Location
- 4615 51 Street Delta, British Columbia, V4K 2V8 Canada 49°5′9.8″N 123°5′2.88″W﻿ / ﻿49.086056°N 123.0841333°W

Information
- School type: Public, high school
- Motto: Take each Stride with Pacer Pride!
- Founded: 1912
- School board: School District 37 Delta
- Area trustee: Laura Dixon
- School number: 3737003
- Principal: Mr. Rick Mesich
- Staff: 94
- Grades: 8-12
- Enrollment: 1147 (2019/20)
- Language: English
- Area: Ladner
- Colours: Green, Black, White
- Mascot: Cecil the Pacer (horse)
- Team name: Delta Pacers
- Website: de.deltasd.bc.ca

= Delta Secondary School (Delta, British Columbia) =

Delta Secondary is a public high school in Ladner, British Columbia, Canada. DSS is located in the historic village of Ladner, B.C. With a student enrolment of approximately 1,150 students (grades 8 to 12), it is the third-largest school in School District 37 Delta.

==History==
King George V High School, the first high school in Delta, was located on the present site of the Ladner Community Centre. The first two rooms of the school were built in 1912, with a third room added in 1916. The school closed in 1938 having had almost 500 students graduate during the life of the school.

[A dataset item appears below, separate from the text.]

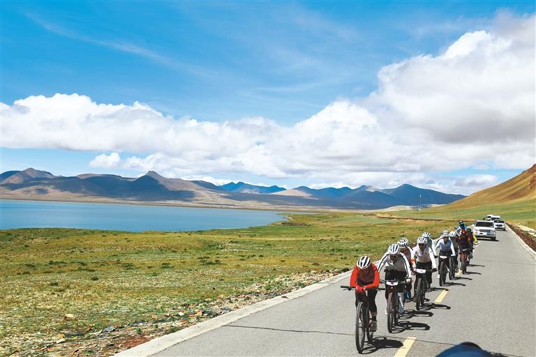 圖為參賽選手騎行在普莫雍措湖畔。本報(bào)記者 潘璐 攝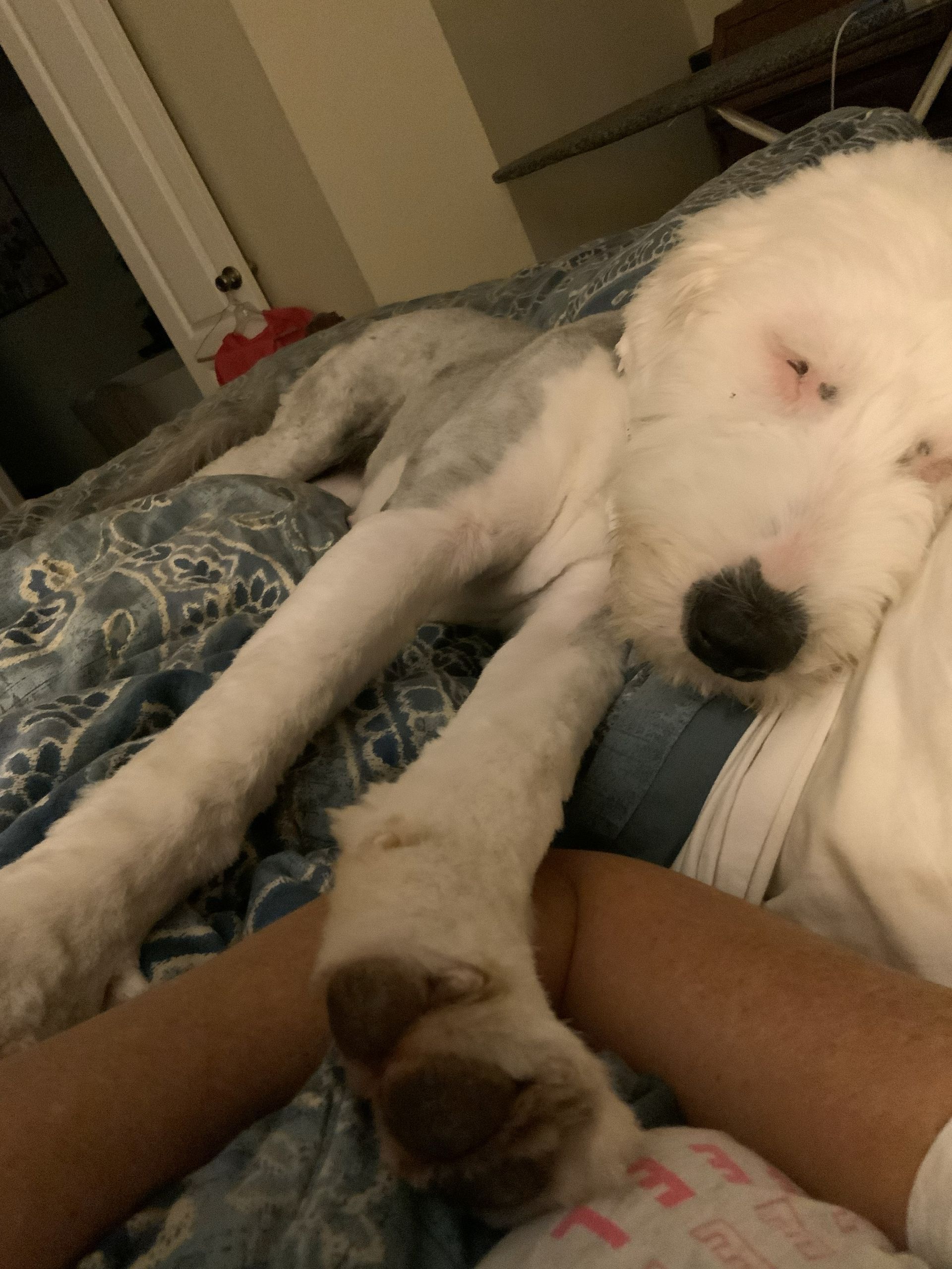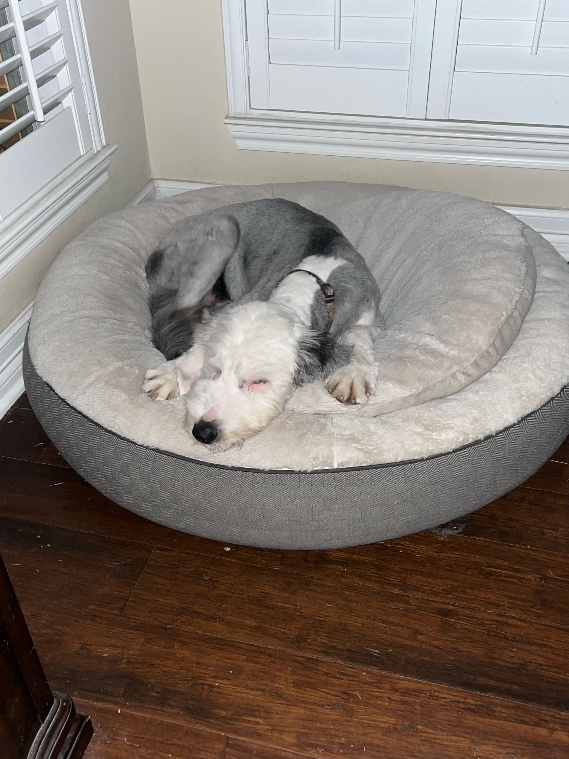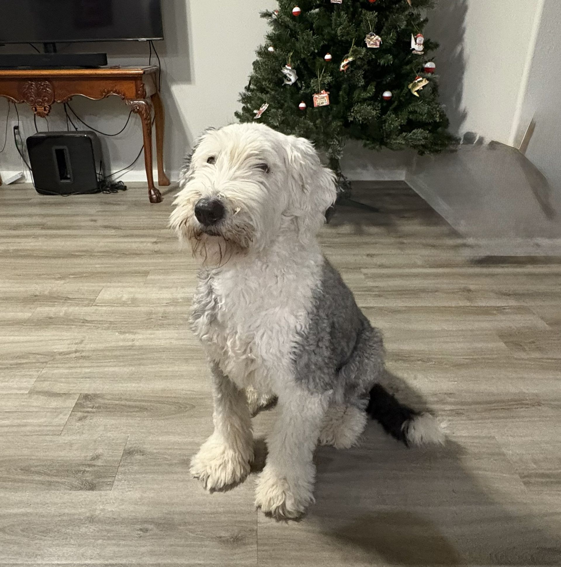 Max is a 5-year-old neutered male OES. He loves to play, play, play, walk, walk, walk, and hang out in the backyard followed by snuggles on the couch at the end of the day.

In 1938, Delta Central School, originally built in 1926 and used as an elementary school (grade 1–8), was enlarged and updated for senior students while a new elementary school was built on the same plot of land, the site of DSS today. A new gym separated the two schools.

The official opening of the "Ladner Elementary and Junior/Senior High School Centre" took place in April 1939.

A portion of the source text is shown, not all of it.